Many are the wines, both white and red, produced from vineyards on the Campidano Plain (Nuragus, Barbera, Monica, Cannonau, Moscato), some of which are also excellent as appetizers (Vermentino, Vernaccia). The digestive liqueurs distilled from myrtle berries and su fil ‘e ferru, Sardinia’s brandy, so-called from the moonshiners’ trick of hiding their merchandise underground with a piece of wire coming to the surface to help them find it when the revenue officers were not in sight.
Monica, together with Cannonau, is the most common species of vine all over Sardinia. Its origins are rather uncertain, but the evidence seems to point to Spain, since it is often referred to as Mora di Spagna. This wine expresses all its productive exuberance in deep, moderately calcareous soils. The areas with gently sloping hills well oriented towards the sun appear to be the best places for the production of Monica grapes, which have a perfect balance of coloring and sugary substances. In the Monica vineyards we almost always find associations with other grape varieties (15%, 20%) which tend to exalt even more the fine characterization and value of this variety.
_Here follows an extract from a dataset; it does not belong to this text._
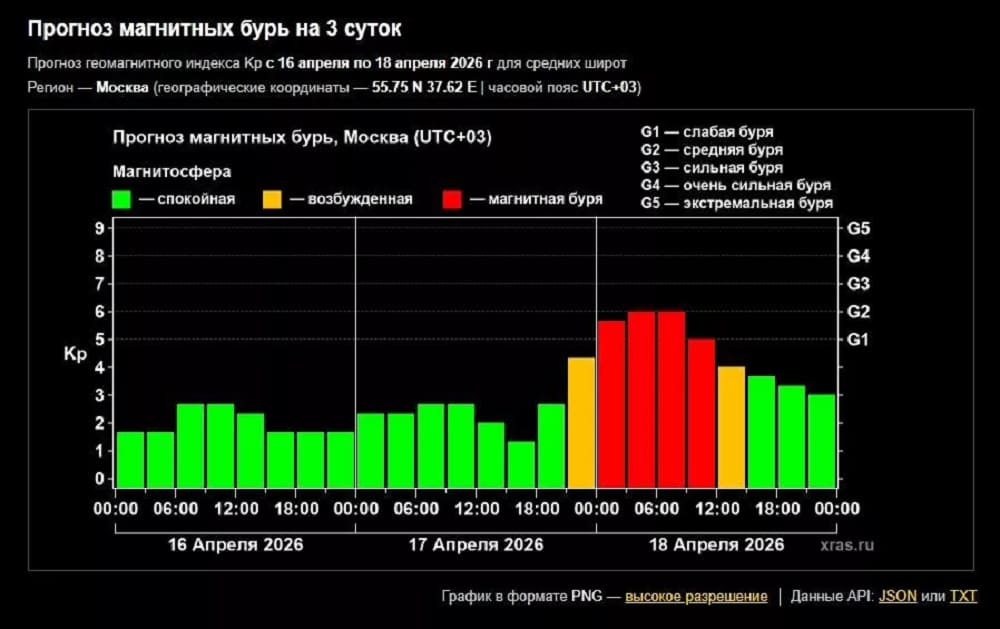 Пик магнитной бури силой 6 баллов придётся на первую половину дня 18 апреля — с 9 до 12 часов. Но уже после полудня буря начнёт заметно слабеть — окончательно утихнуть она должна будет к 16 часам субботы.

Monica wine is best known for its suppleness, the delicacy of its flavor and a balanced alcoholometric strength, on the average between 11° and 12°. The D.O.C. (V.Q.P.R.D.) abbreviation has been assigned to two types:
- one decidedly a table wine denominated Monica di Sardegna;
the other, more full-bodied and stronger (minimum 13° alcohol) thanks to a slight drying of the grapes on the vine, denominated Monica di Cagliari.
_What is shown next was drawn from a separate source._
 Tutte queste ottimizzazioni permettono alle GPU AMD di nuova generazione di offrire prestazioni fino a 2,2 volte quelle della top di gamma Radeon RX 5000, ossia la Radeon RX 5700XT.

Among Sardinia’s white wines, Nuragus is definitely the one produced in the largest quantity. The growing of this vine is concentrated prevalently in the provinces of Cagliari and Oristano. The origins of this important variety appear to be unknown, and this has led some to consider it native to the island, born from a few seeds near a nuraghe. In many places in Sardinia this grape is called “burda” (wild) in the local idiom. The massive diffusion of this vine is to be explained by its rusticity and resistance to many plant diseases, in the lateness of its vegetative revival, in its capacity to adapt to all kinds of soil and, most of all, to its abundant fructification. It is the grape that “winds up the harvest season” in Sardinia since it ripens after all the others. The finest quality Nuragus wines are appreciated as appetizers and as wine to accompany seafood. In the last few years it has also been used in the preparation of brut and demi sec sparkling wines (by harvesting the grapes before they are fully ripe). Considering its peculiar qualitative characteristics, this wine was recognized as a V.Q.P.R.D. wine as far back as 1975. Today, Nuragus di Cagliari V.Q.P.R.D. wine is bottled and sold by Sardinian producers on European and international markets with good success.
MALVASIA, NASCO, MOSCATO
These three wines strongly characterize Sardinian production of dessert wines and represent three pearls of the island’s wine production. The Malvasia vine grown in Sardinia is typically local and differs greatly from the many other Italian Malvasias. The growing of this variety is concentrated in two typical areas of production, the province of Nuoro, where it faces the sea on the western side of the island, with the Appellation d’Origine Controlee of Malvasia di Bosa, and the province of Cagliari, on lands to the southeast of the town of Cagliari, with the appellation of Malvasia di Cagliari. Recently these grapes, harvested before full ripening, go into the making of a pleasantly fragrant sparkling wine with a sweet taste. Nasco is perhaps the only grape truly native to the island. Its production is quite limited and concentrated prevalently in the areas with calcareous soils in the south of the province of Cagliari. Moscato, on the contrary, is grown all over the island, with three different V.Q.P.R.D. varieties: Moscato di Cagliari, Moscato di Sorso – Sennori and Moscato di Sardegna. The first two are characterized by a high alcohol content and a high percentage of natural sugars, while the third is a decidedly sweet sparkling wine, the sign of a Moscato with a good qualitative level.
Definitely of Spanish origin, the Giro’ vine became widespread in southern Sardinia in the first half of the 18th century, when the island was governed by the Piedmontese, who applied the directives for vineyards established in 1736 by the Marquis di Rivarolo. The production of this vine continued successfully up to the second half of the last century when, following the destruction of vineyards caused by a phylloxera epidemic, most vine-growers preferred other vines for use in replanting their vineyards since other varieties gave a higher yield and vinification was less difficult. Only after V.Q.P.R.D. recognition in 1979 was there a revival in interest of Sardinian vine-growers for this vine, which is capable of yielding a viscous wine of great elegance, competitive at the global level with the best-known wines with similar characteristics.